## Data section
>>>>>

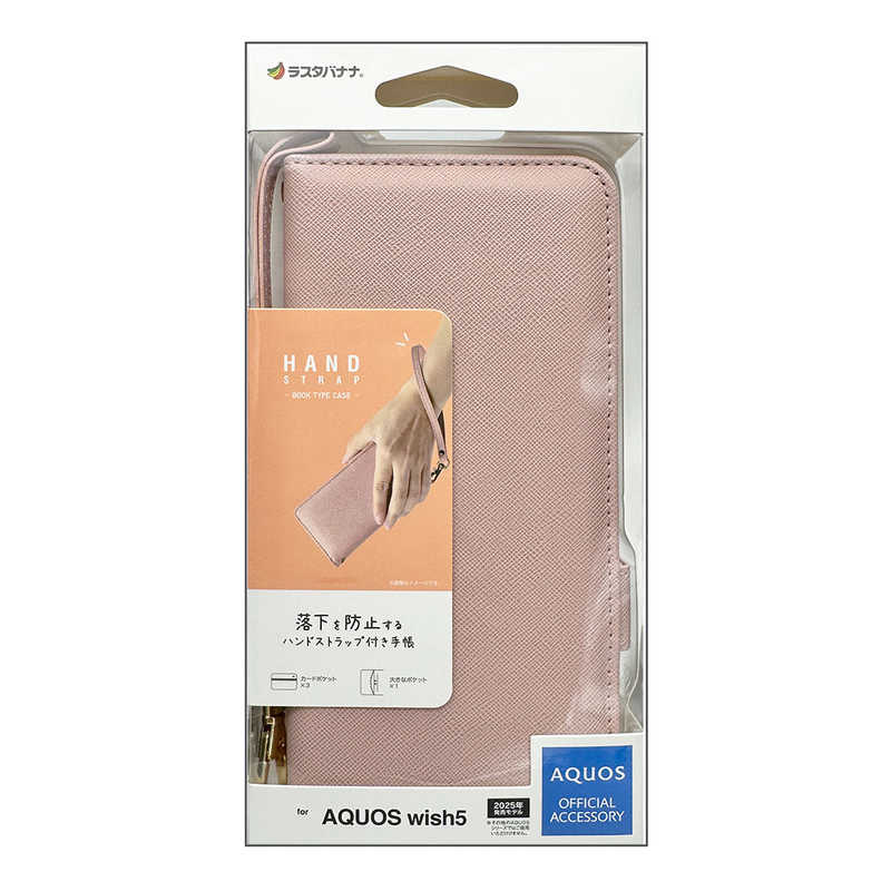 ラスタバナナ RastaBanana AQUOS wish5用ハンドストラップ付き手帳型ケース ライトピンク 8812AW5BHSLPK
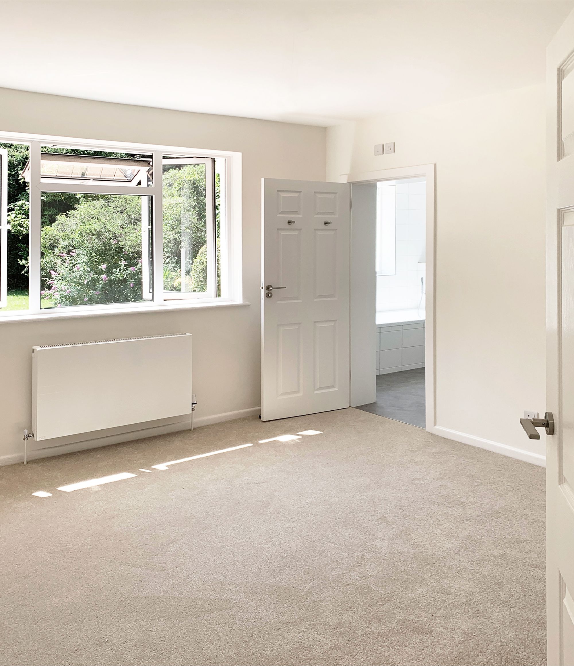 To the rear, the spacious living room overlooks the garden and benefits from direct access outside, ideal for indoor-outdoor living. The accommodation is completed by three bedrooms, two of which benefit from fitted wardrobes. The principal bedroom features a newly fitted en-suite bathroom, complemented by an additional shower room and a separate WC.
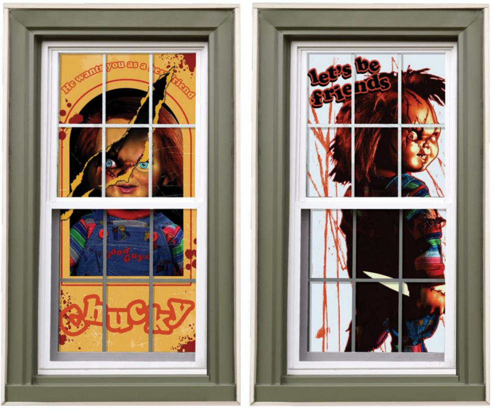 | Wanna play? These Chucky window silhouettes measure 33.5″ x 65″ (85cm x 165.1xm). Includes two window silhouettes (great for doorways too!) | ![]() |
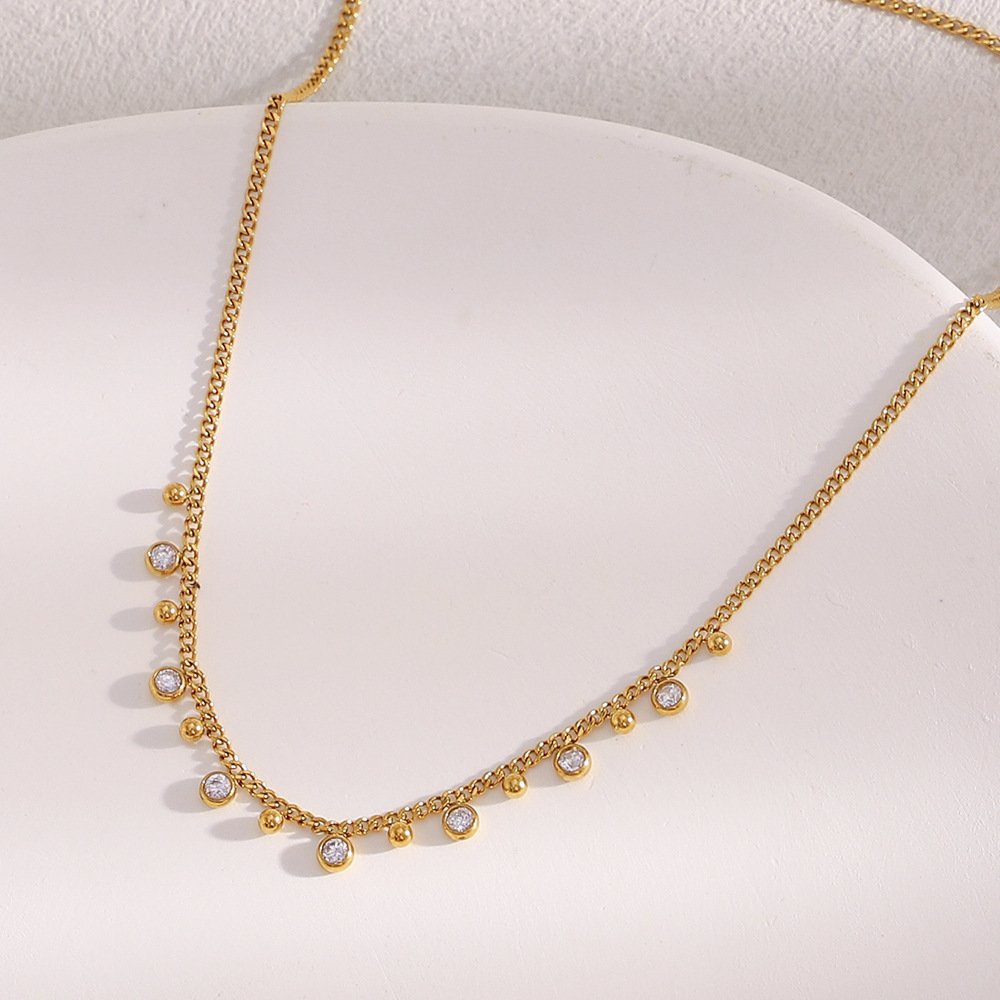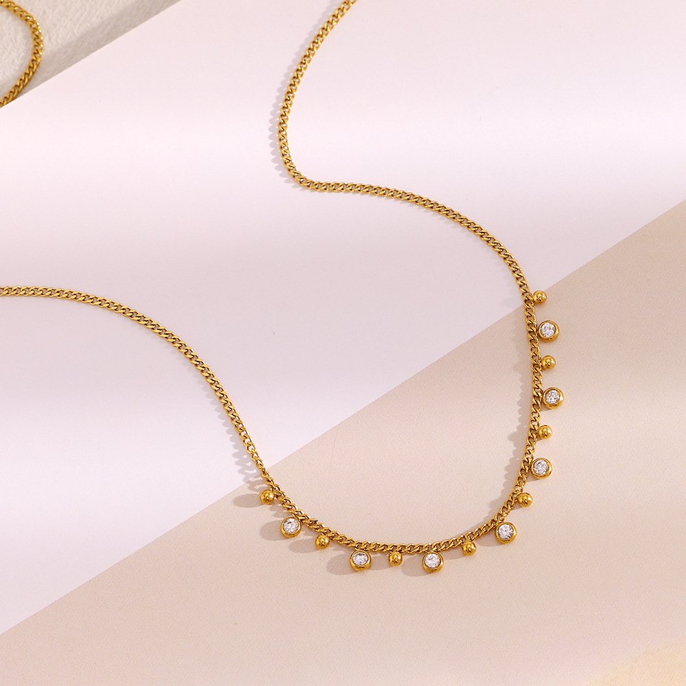 European and American Cross-Border INS Style, Exquisite and Versatile Necklace, 18K Gold-Plated Stainless Steel Teardrop Zircon Side Chain

<<<<<

## What the exercise asks
Word for word, please, restate the lines of the listing from the one holding "To the rear, the" down to the last line, leaving out any pictures.

## Solution
 To the rear, the spacious living room overlooks the garden and benefits from direct access outside, ideal for indoor-outdoor living. The accommodation is completed by three bedrooms, two of which benefit from fitted wardrobes. The principal bedroom features a newly fitted en-suite bathroom, complemented by an additional shower room and a separate WC.
 | Wanna play? These Chucky window silhouettes measure 33.5″ x 65″ (85cm x 165.1xm). Includes two window silhouettes (great for doorways too!) | ![]() |
 European and American Cross-Border INS Style, Exquisite and Versatile Necklace, 18K Gold-Plated Stainless Steel Teardrop Zircon Side Chain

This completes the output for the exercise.